Out-Law News 3 min. read
08 May 2009, 5:59 pm
In a report submitted to both Houses of Parliament this week, the Ombudsman said she was "entirely unpersuaded" by the basis on which the Government dismissed many of the conclusions reached in her July 2008 paper Equitable Life: a decade of regulatory failure.
"The Government’s response to my report was deeply disappointing," she said. "It provided insufficient support for the rejection of my findings of maladministration and injustice. It also begged a rather larger question as to what the purpose of regulation was supposed to be."
The Ombudsman's most recent report, Injustice unremedied, has been drawn up under a special provision in the Parliamentary Commissioner Act that enables her to notify Parliament if it appears that injustice caused by maladministration has not been and will not be remedied.
In the 40 years since the office of Parliamentary Ombudsman was established, only four such reports have been laid before Parliament.
"Whether the response of the Government to my report is adequate or whether instead it constitutes an inappropriate attempt to act as judge and jury in its own cause is now a matter for Parliament to consider and debate," she concludes.
Equitable Life, the UK's oldest mutual life assurance company, closed its doors to new business in December 2000 and over the following months drastically reduced bonuses for all policyholders. Over a million policyholders are believed to have been affected, suffering losses estimated at more than £4 billion.
Last year, following "perhaps the most complex investigation ever undertaken by my office", the Ombudsman made 10 findings of maladministration on the part of regulators responsible for supervising the company, resulting in five instances of injustice to Equitable Life policyholders.
Injustice in some cases took the form of financial loss. Policyholders also lost opportunities to make informed savings and investment decisions and were left with a "justifiable sense of outrage".
The report recommended that the public bodies concerned apologise for the "serial regulatory failure" that had occurred and that the Government set up an independent compensation scheme to assess individual policyholder's claims.
In its response, the Government accepted four instances of potential injustice resulting from maladministration and apologised for those failings. But in most cases, the acceptance was limited in scope and other findings were rejected in their entirety.
The Government also rejected the idea of an independent compensation fund. Instead it proposed an alternative scheme that would make discretionary payments to individuals who had suffered a "disproportionate impact" attributable to those instances of maladministration it accepts took place.
Sir John Chadwick, a former Lord Justice of the Court of Appeal, has been retained to advise the Government on the scheme and identify those losses attributable to maladministration, as opposed to losses caused by market conditions or the actions of Equitable Life itself.
In her new report, the Ombudsman criticises the Government for breaking the link between injustice resulting from maladministration and the provision of any remedy.

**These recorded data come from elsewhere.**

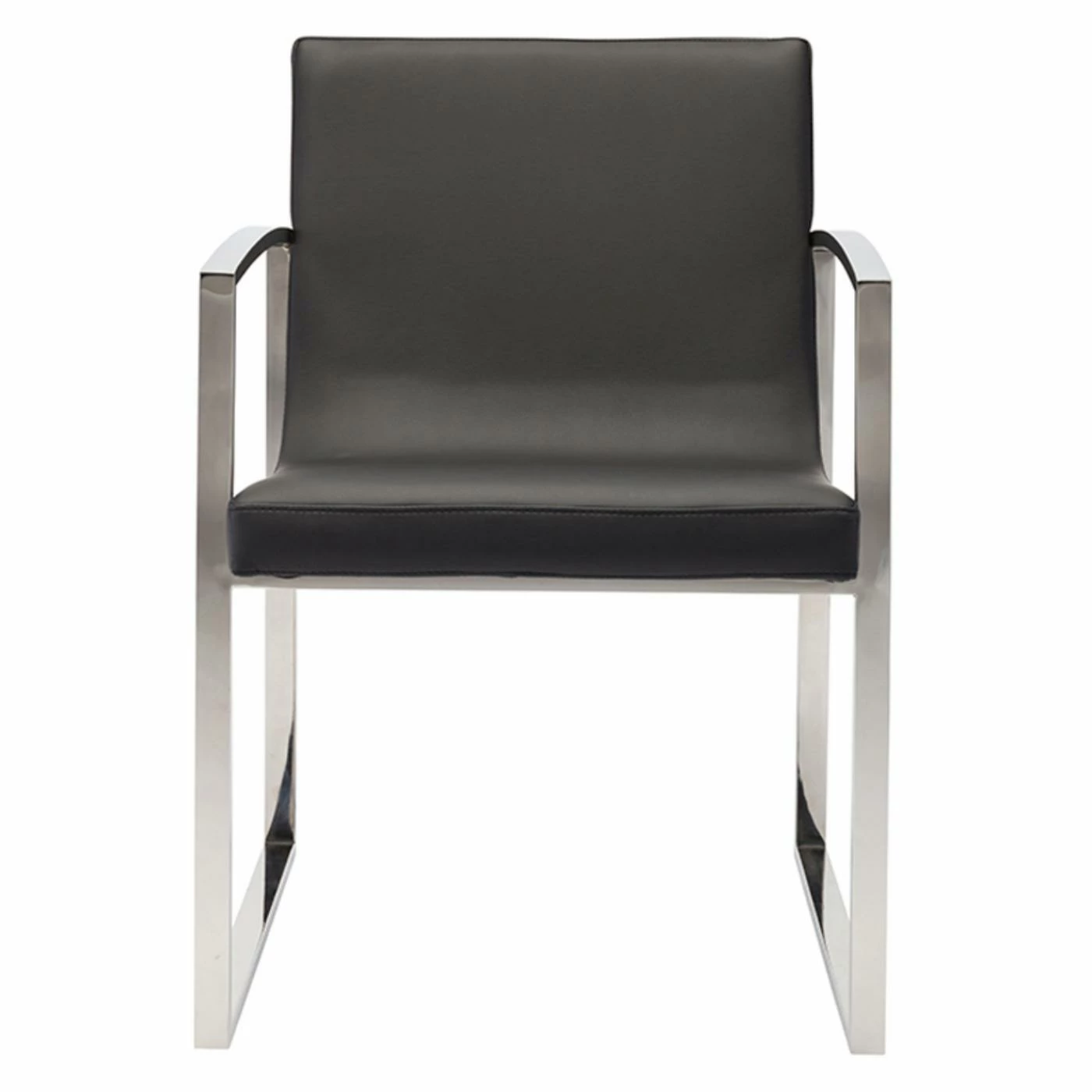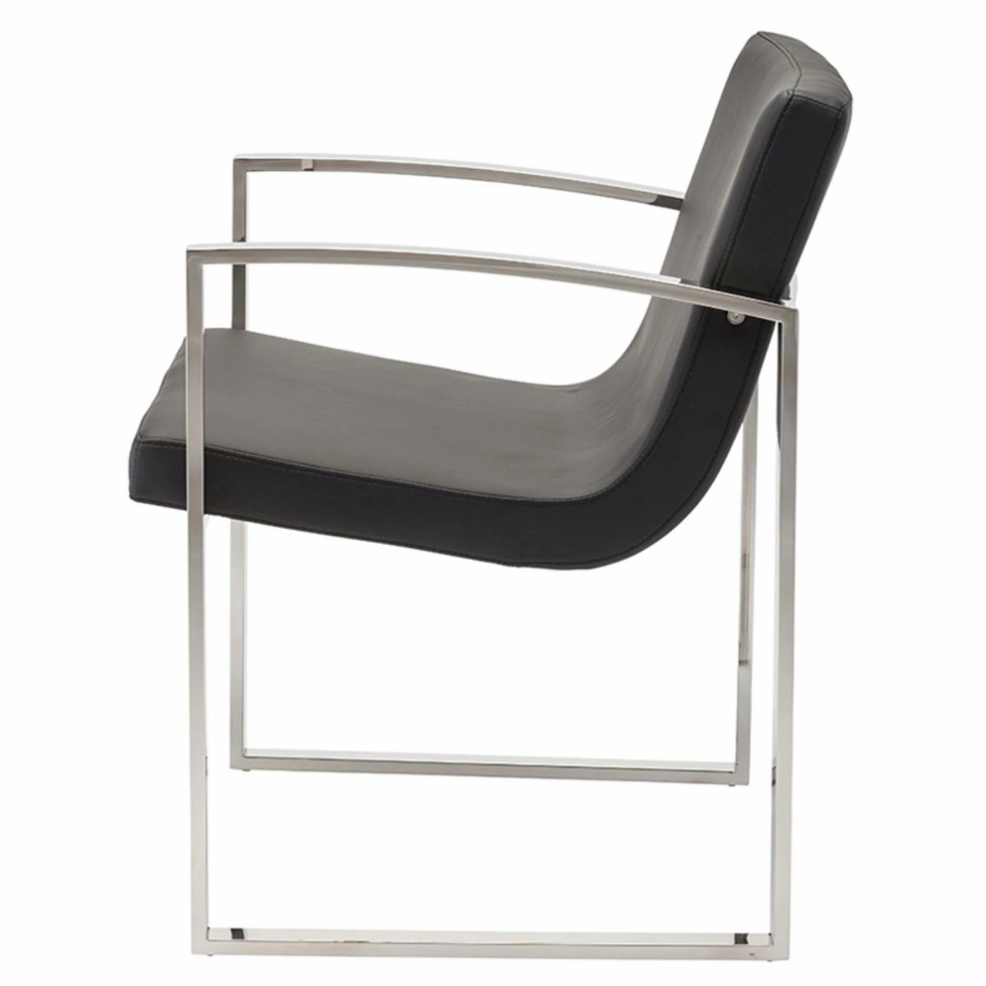 The sleek silhouette of the Nuevo Clara Accent Chair introduces a comfortable modern design element. The accent chair features a curved, one-piece seat and back rest upholstered in your choice of available faux leather colors. Chromed stainless steel sled style legs are polished to a high shine.
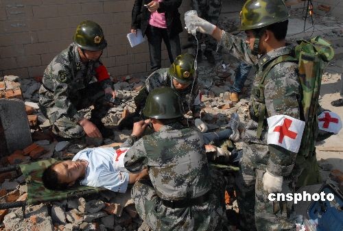 5月22日,中国地震局、省政府应急办、省地震局派员来扬,观摩华东五省一市地震应急联动在扬州市举行的地震应急协同演练。中新社发 尹德勤 摄
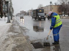 Ситуацию осложняет начавшийся вчерашней ночью и не прекращающийся до сих пор дождь. В течение сегодняшнего дня, специалисты комбинатов благоустройства проводят активную работу по расчистке ливнеприемников. Применяется, в том числе, и коммунальная техника, которая сдвигает тающую массу и шугу с решеток для того, чтобы они смогли быстрее принять скопившееся из-за активного таяния и осадков большое количество воды, а масса – быстрее растаять.
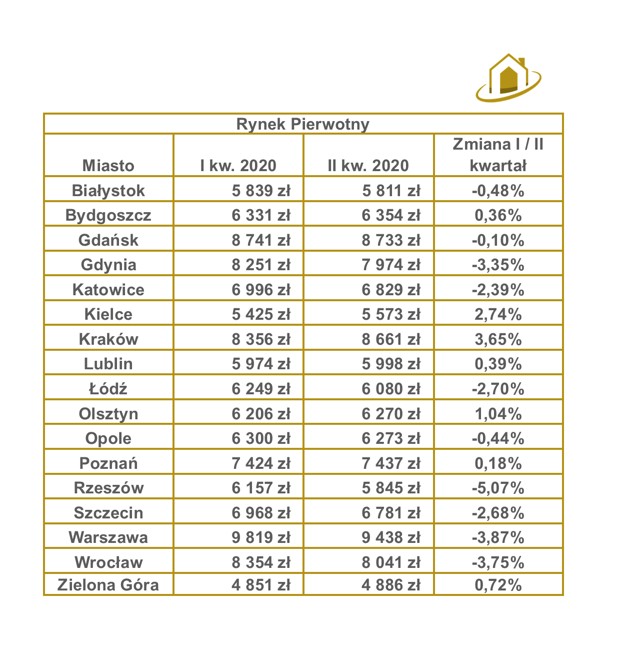 Ceny nieruchomości w II kwartale 2020 z niewielką korektą

"The Government [has] asserted that financial regulation is a special case and that it is never appropriate for financial compensation to follow directly from regulatory failure constituting maladministration, regardless of the consequences for individual citizens of that failure," she states.
"The Government' alternative proposals ... proceed on an approach which does not accept the moral or any other imperative to provide an effective remedy for wrongs committed in the course of financial regulation."
The report points out that no detailed timetable has been announced for the discretionary scheme or any ground rules for defining what constitutes the "disproportionate impact" that will govern policyholders' eligibility to claim.
The Ombudsman concludes:
"Whatever the outcome of the work to be done by Sir John, it is clear that not everyone who has suffered injustice will be eligible for a payment and that not all of the injustice suffered will be put right. The injustice I identified in my report will not therefore be remedied as a result of the Government’s response."
The Government's stance on Equitable Life is also the subject of an application for judicial review issued in April by the Equitable Members Action Group.
The Ombudsman says it is not her present intention to take an active part in the proceedings, but she reserves her right to do so if she considers it appropriate.